ACTIVITY - In the records below, find the line containing "Design & Realismus" and the line containing "国务院新闻办公室定于2024". Give again exactly those lines and every line between them, omitting the pictures.

THE RECORDS -
--- --- ---

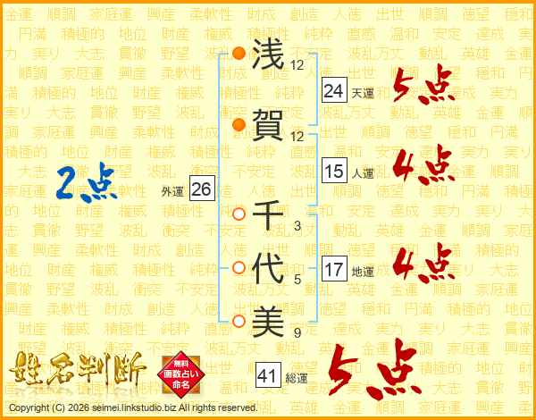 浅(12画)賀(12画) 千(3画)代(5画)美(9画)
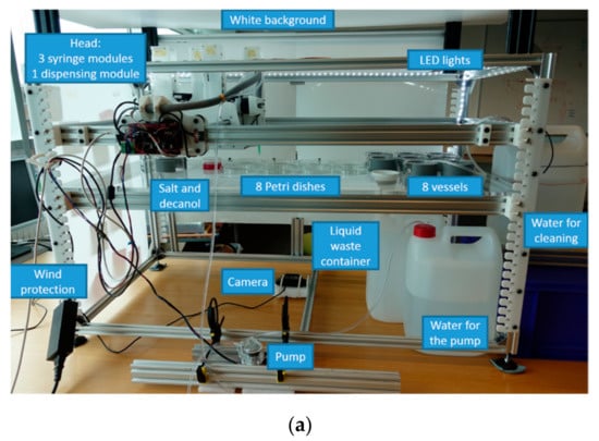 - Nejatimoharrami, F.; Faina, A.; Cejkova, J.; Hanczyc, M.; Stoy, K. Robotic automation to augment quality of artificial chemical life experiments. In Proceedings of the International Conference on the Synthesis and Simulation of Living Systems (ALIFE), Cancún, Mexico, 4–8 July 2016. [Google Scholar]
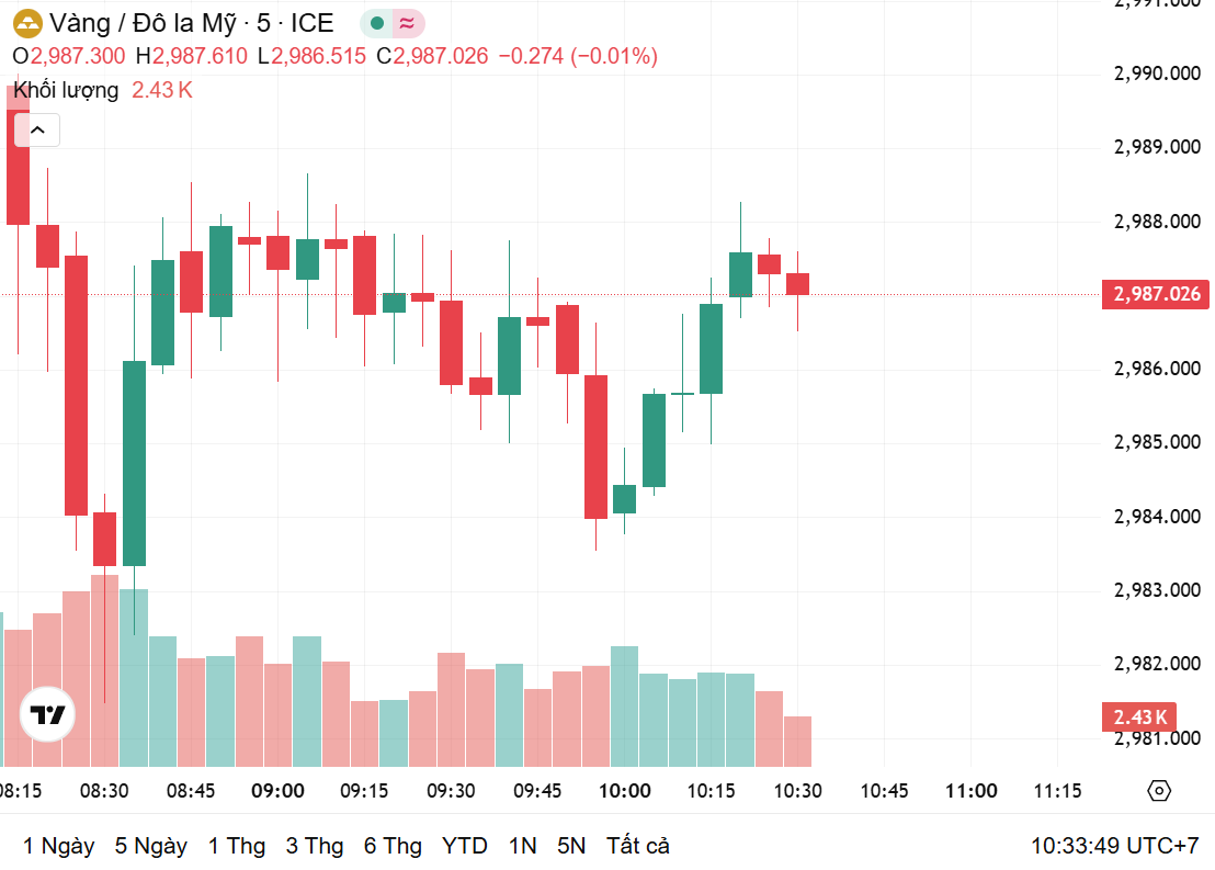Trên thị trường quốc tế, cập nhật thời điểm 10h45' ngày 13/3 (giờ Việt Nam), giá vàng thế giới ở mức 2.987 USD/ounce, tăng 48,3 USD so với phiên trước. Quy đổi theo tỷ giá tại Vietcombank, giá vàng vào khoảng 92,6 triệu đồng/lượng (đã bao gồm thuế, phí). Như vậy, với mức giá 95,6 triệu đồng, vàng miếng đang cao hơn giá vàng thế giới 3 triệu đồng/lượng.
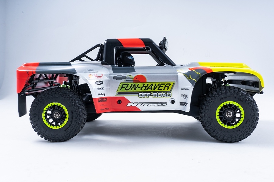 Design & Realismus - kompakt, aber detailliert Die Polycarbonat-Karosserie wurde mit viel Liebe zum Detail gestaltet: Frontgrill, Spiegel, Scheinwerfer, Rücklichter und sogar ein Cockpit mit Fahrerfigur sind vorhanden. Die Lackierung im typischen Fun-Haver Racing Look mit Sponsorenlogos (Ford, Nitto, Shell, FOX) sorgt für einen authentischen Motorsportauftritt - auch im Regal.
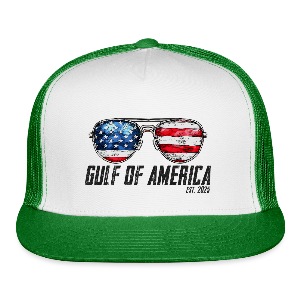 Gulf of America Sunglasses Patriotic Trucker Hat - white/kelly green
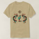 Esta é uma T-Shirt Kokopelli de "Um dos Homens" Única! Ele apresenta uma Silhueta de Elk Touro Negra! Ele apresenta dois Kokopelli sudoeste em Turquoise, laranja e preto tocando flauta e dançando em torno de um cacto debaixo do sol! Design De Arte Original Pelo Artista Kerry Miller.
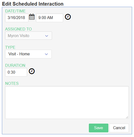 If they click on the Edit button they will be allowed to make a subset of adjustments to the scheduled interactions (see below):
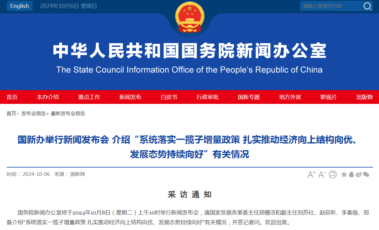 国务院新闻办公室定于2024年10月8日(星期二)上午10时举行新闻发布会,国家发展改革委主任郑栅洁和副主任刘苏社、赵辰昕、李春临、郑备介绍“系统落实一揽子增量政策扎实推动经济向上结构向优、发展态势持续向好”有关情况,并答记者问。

--- --- ---

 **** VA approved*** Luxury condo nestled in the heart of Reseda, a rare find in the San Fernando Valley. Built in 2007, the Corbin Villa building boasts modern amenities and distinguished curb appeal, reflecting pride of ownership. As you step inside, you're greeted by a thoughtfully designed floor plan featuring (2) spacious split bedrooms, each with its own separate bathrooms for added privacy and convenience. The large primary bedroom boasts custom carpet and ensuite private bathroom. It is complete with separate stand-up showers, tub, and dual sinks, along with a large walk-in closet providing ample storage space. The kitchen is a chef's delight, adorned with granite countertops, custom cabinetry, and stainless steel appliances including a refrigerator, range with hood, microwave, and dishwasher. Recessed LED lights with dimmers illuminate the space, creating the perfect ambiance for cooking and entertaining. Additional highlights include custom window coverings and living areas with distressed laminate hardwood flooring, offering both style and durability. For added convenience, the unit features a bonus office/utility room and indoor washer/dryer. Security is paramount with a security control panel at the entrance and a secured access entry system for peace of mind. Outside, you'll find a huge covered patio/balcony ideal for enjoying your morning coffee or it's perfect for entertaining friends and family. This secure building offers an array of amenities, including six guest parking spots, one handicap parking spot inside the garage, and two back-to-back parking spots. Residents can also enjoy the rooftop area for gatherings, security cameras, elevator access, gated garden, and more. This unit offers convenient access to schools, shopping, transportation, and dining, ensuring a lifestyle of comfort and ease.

--- --- ---

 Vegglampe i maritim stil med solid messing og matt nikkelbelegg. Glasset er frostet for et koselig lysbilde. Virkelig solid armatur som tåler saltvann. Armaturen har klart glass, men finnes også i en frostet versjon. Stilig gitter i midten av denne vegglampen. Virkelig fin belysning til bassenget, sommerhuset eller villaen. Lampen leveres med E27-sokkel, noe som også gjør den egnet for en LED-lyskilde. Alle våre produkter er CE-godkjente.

--- --- ---

SOLUTION FOR THIS EXERCISE -
 Design & Realismus - kompakt, aber detailliert Die Polycarbonat-Karosserie wurde mit viel Liebe zum Detail gestaltet: Frontgrill, Spiegel, Scheinwerfer, Rücklichter und sogar ein Cockpit mit Fahrerfigur sind vorhanden. Die Lackierung im typischen Fun-Haver Racing Look mit Sponsorenlogos (Ford, Nitto, Shell, FOX) sorgt für einen authentischen Motorsportauftritt - auch im Regal.
 Gulf of America Sunglasses Patriotic Trucker Hat - white/kelly green
 Esta é uma T-Shirt Kokopelli de "Um dos Homens" Única! Ele apresenta uma Silhueta de Elk Touro Negra! Ele apresenta dois Kokopelli sudoeste em Turquoise, laranja e preto tocando flauta e dançando em torno de um cacto debaixo do sol! Design De Arte Original Pelo Artista Kerry Miller.
 If they click on the Edit button they will be allowed to make a subset of adjustments to the scheduled interactions (see below):
 国务院新闻办公室定于2024年10月8日(星期二)上午10时举行新闻发布会,国家发展改革委主任郑栅洁和副主任刘苏社、赵辰昕、李春临、郑备介绍“系统落实一揽子增量政策扎实推动经济向上结构向优、发展态势持续向好”有关情况,并答记者问。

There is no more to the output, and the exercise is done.